Noch ein weiterer Tipp, der dir Nerven sparen kann... Denn ich stand kurz vor einer Einlieferung, in eine Klink mit weissen Jacken, bei denen die Ärmel viel zu lange sind!!!
Der Parameter "xSwitchonLastLevel" hat einen Fehler in der Bibliotheke!
Der funktioniert bei allen 2-stelligen Werten. Das heisst wenn du 100% hattest, schaltet er nicht bei 100% wieder ein.

Lampe 35% + Aus-Befehl = Lampe 0%, Danach Lampe wieder ein = 35%
Wenn du jetzt auf 100% dimmst und danach ausschaltest, geht die Lampe natürlich auf 0% (Aus).
Wenn du jetzt wieder einschaltest, geht die Lampe nicht auf die vorherigen 100%, sondern wieder auf 35%.
Das heisst der Parameter speichert irgendwie keine 3-stellige Zahl. Von 0-99% funktionierts.
Es bringt auch nichts, wenn du "bmaxOnLevel" auf 95% stellst.

Das Problem ist (jetzt) bei Wago bekannt. Sie konnten aber nicht sagen, wann Sie es beheben können.


----------



## Passion4Automation (14 Oktober 2016)

Hallo egro,

vielen Dank für die ausführliche Beschreibung.
Leider muss ich mir eingestehen dass es trotzdem noch hackt.

Was ich gemacht habe, siehe Screenshots.
1. Ich bin auf EINFÜGEN dann TYPEN dann Definierte Typen, dann habe ich den typConfigDimmer(STRUCT) gewählt. Zuvor habe ich im Deklarationsteil noch die Variable Dimmer_Konfig angelegt.
2. Dann habe ich am FB FbDaliDimmDoubleButton den Eingang typConfigDimmer mit (Dimmer_Konfig) beschrieben.
3. Einen Ausgang erstellt und dort wieder Dimmer_Konfig und den Punkt eingefügt, jetzt erscheinen die Parameter die ich brauche.
4. Da wähle ich xswitchonlastlevel aus, mitt Doppelklick, wird dann automatisch in den Ausgang geschrieben.
5. Jetzt setze ich daran direkt einen Eingang, da schreibe ich True rein.
6. Übersetze das ganze (keine Fehlermeldung) Einloggen, Start und Bootprojekt erzeugen.
7. Leider schaltet die Beleuchtung dann nicht mit dem letzten Dimmwert wieder ein.
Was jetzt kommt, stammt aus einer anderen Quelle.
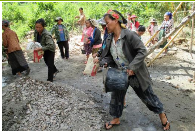
Adventists and Non-Adventists are working side-by-side

Water supply is one of the many good projects that the Lao Adventist Church is undertaking to improve the quality of life of the Lao people. We also provide mosquito nets and blankets to those needy people to prevent them from being bitten by mosquitos and get sick. Blankets keep them warm during winter and thus making the people healthier and happier.

Mache ich das von der Vorgehensweise richtig oder ist das falsch.?

Vielen Dank.


----------



## egro (14 Oktober 2016)

Funktioniert einer der anderen Parameter?


----------



## Passion4Automation (14 Oktober 2016)

Tatsächlich, only dimming funktioniert. Also die Taster Dimmen nur noch aus und einschalten geht nicht mehr.
Hat das mit den Problem der nicht fix eingestellen werten zu tun ?


----------



## egro (14 Oktober 2016)

Kann schon sein...
Wenn du online gehst, kannst du die Parameter ansehen.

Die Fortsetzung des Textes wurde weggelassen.